Bring on the documentation

Post Syndicated from Alasdair Allan original https://www.raspberrypi.org/blog/bring-on-the-documentation/

I joined Raspberry Pi eighteen months ago and spent my first year here keeping secrets and writing about Raspberry Silicon, and the chip that would eventually be known as RP2040. This is all (largely) completed work: Raspberry Pi Pico made its way out into the world back in January, and our own Raspberry Silicon followed last month.

The question is then, what have I done for you lately?

The Documentation

Until today our documentation for the “big” boards — as opposed to Raspberry Pi Pico — lived in a Github repository and was written in Github-flavoured Markdown. From there our documentation site was built from the Markdown source, which was pulled periodically from the repository, run through a script written many years ago which turned it into HTML, and then deployed onto our website.
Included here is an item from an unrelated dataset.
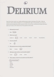 This is the audience feedback our group obtained when gathering together a focus group which we asked opinions on our trailer and other promotional pieces, such as our film posters and film magazines covers.

This all worked really rather well in the early days of Raspberry Pi.

The old-style documentation

The documentation repository itself has been left to grow organically. When I arrived here, it needed to be restructured, and a great deal of non-Raspberry Pi specific documentation needed to be removed, while other areas were underserved and needed to be expanded. The documentation was created when there was a lot less third-party content around to support the Raspberry Pi, so a fair bit of it really isn’t that relevant anymore, and is better dealt with elsewhere on the web. And the structure was a spider’s web that, in places, made very little sense.

Frankly, it was all in a bit of a mess.

Enter the same team of folks that built the excellent PDF-based documentation for Raspberry Pi Pico and RP2040. The PDF documentation was built off an Asciidoc-based toolchain, and we knew from the outset that we’d want to migrate the Markdown-based documentation to Asciidoc. It’d offer us more powerful tools going forwards, and a lot more flexibility.
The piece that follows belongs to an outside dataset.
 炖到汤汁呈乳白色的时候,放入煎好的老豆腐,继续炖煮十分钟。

After working through the backlog of community pull requests, we took a snapshot of the current Markdown-based repository and built out a toolchain. A lot of which we intended to, and did, throw away after converting the Markdown to Asciidoc as our “source of truth.” This didn’t happen without a bit of a wrench; nobody throws working code away lightly. But it did mean we’d reached the point of no return.
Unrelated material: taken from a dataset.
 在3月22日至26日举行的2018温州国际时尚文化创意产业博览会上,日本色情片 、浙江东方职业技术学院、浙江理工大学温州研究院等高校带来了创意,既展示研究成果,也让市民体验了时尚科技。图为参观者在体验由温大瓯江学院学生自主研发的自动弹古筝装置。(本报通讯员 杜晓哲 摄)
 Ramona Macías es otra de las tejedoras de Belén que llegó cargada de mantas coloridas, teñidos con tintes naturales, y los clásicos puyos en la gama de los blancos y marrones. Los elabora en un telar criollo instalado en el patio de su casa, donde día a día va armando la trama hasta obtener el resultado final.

The next generation of documentation

The result of our new documentation project launches today.

The new-look documentation

The new documentation site is built and deployed directly from the documentation repository using Github Actions when someone pushes to the master branch. However we’ll mostly be working on the develop branch in the repository, which is the default branch you’ll now get when you take a fresh checkout, and also the branch you should target for your pull requests.

We’ve always taken pull requests against the Markdown-based source behind our documentation site. Over the years as the documentation set has grown there have been hundreds of community contributors, who have made over 1,200 individual pull requests, ranging from fixing small typos, to contributing whole new sections.

With the introduction of the new site, we’re going to continue to take pull requests against the new Asciidoc-based documentation. However, we’re going to be a bit more targeted around what we’ll to accept into the documentation, and will be looking to keep the repository focussed on Raspberry Pi-specific things, rather than having generic Linux tutorial content.

The documentation itself will remain under a Creative Commons Attribution-Sharealike (CC BY-SA 4.0) license.

Product Information Portal

Supporting our customers in the best way we can when they build products around Raspberry Pi computers is important to us. A big part of this is being able to get customers access to the right documents easily. So alongside the new-look documentation, we have revamped how our customers (that’s you) get access to the documents you need for commercial applications of Raspberry Pi.

The Product Information Portal, or PIP as we’ve come to refer to it here at Pi Towers, is where documents such as regulatory paperwork, product change notices, and white papers will be stored and accessed from now on.

The new Product Information Portal (PIP)

PIP has three tiers of document type: those which are publicly available; restricted documents that require a customer to sign up for a free account; and confidential documents which require a customer’s company to enter into a confidentiality agreement with Raspberry Pi.

PIP will also be a way for customers to get updates on products, allowing customers with a user account to subscribe to products, and receive email updates should there be a product change, regulatory update, or white paper release.

The portal can be found at pip.raspberrypi.org and will be constantly updated as new documents become available.

Where next?

I’m hoping that everyone that has contributed to the documentation over the years will see the new site as a big step towards making our documentation more accessible – and, as ever, we accept pull requests. However, if you’re already a contributor, the easiest thing to do is to take a fresh checkout of the repository, because things have changed a lot today.

Big changes to the look-and-feel of the documentation site

This isn’t the end. Instead, it’s the beginning of a journey to try and pull together our documentation into something that feels a bit more cohesive. While the documentation set now looks, and feels, a lot better and is (I think) a lot easier to navigate if you don’t know it well, there is still a lot of pruning and re-writing ahead of me. But we’ve reached the stage where I’m happy, and want to, work on that in public so the community can see how things are changing and can help out.